PAUL SOLMAN: To skeptics, the key is not that GMOs have been proved to cause these dangers, but haven't been proved not to. They point to the fact that GMOs were fast-tracked by the Food & Drug Administration despite the misgivings of some FDA -- scientists. So the manufacturers do all the testing-- tests which may be rigorous, but not at the level required for new drugs or food additives. SUE ROBERTS: There haven't been enough studies done in humans; there haven't been enough done in animals, or whatever the progression should be to test these products like we would with a food additive or with a drug. PAUL SOLMAN: Farmer George Naylor is similarly skeptical about genetically modified organisms-- GMOs.
PAUL SOLMAN: In this age of agribusiness, Naylor's trying to maintain, with his wife and two boys, a family farm with family values. He raises non-GMO grain, and hopes to sell it at a premium to those who share his antipathy to agri-tech. But Naylor feels that farmers like himself are isolated, up against a corporate GMO juggernaut that threatens to lay waste to their plans. One of his fears: Contamination from GMO corn the next field over.

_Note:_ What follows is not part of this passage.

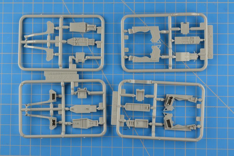 Spritzlinge: 31 graue (pro Rakete ein Spritzling) 1 Klarsicht, 1 Fotoätzplatine, 1 Klarsichtfolie

PAUL SOLMAN: The point is, if a non-GMO were impregnated by a GMO, its purity, says Naylor, would be compromised. PAUL SOLMAN: So this is non-GMO corn? GEORGE NAYLOR: I hope it is. The only reason that it wouldn't be is because either the seed was contaminated when I bought it, or my neighbor's pollen has pollinated some of my corn. PAUL SOLMAN: Even if he could vouch for his grain, however, Naylor would have another problem. He'd be hard-pressed to keep his corn separate from its GMO look-alikes. GEORGE NAYLOR: Now, this is where farmers bring their grain to store, and it was impossible to really segregate the GMO from the non-GMO grain this last year, so now it's just all blended together in here.
GEORGE NAYLOR: Right, it's the same. No, it's all the same. The consumer's going to get GMO grain whether they want it or not.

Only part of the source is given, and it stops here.